Oireachtas Joint and Select Committees

Wednesday, 11 February 2015

Committee of Inquiry into the Banking Crisis

Context Phase

Professor John FitzGerald:

The ESRI was founded in 1960 to provide independent advice to the Government. Professor Joe Lee in his Ireland, 1912-1985: Politics and Society, commented on the fact that universities were not producing useful research at the time. It was an initiative led by Dr. Ken Whitaker, the then Secretary of the Department of Finance. To guarantee its independence, he sought funding for it from the Ford Foundation. He told me that he discovered that the person responsible for funding in the Ford Foundation served mass in a church in New York. He went to mass and nobbled him after it to get the money for the ESRI. For the first four years, it was totally independent of the Government. That was the intention of both the Government and the Secretary of the Department of Finance.

The ESRI is legally a charity. The Department of Finance took over giving it 100% funding when the Ford Foundation money ran out in the middle 1960s.

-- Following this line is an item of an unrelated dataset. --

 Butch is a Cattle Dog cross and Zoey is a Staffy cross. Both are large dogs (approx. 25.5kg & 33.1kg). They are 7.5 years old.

The ESRI was about 80% funded by a direct grant from the Department of Finance until the late 1980s. Then there were pretty dramatic cutbacks, as we know, and the ESRI chose to survive by looking for research contracts from the EU, other Departments and so on. Today, approximately 30% of its funding comes from grant-in-aid from the Department of Public Expenditure and Reform with the other 70% coming from a range of sources such as public research funding from the EU, SFI, Science Foundation Ireland, Departments and public bodies, with a limited amount from the private sector. The ESRI insists on publishing everything it does without censorship. The private sector is not generally prepared to fund public good research.

The ESRI is governed by a director who is responsible to a council. The council is not appointed by the Government but co-opts its membership. Until the late years of the last decade, the Secretary General of the Department of Finance was always a member of the council. It is now an assistant secretary from the Department of Public Expenditure and Reform. The Central Bank Governor has generally been a member. There is a range of people broadly representative of civil society. The council is not appointed by the Government, a provision which is there to ensure its independence.

The Department of Finance has been party to these ground rules. Generally, it has been good to deal with. It understands we kick them and they grin and bear it. There are times when things have been less happy, however.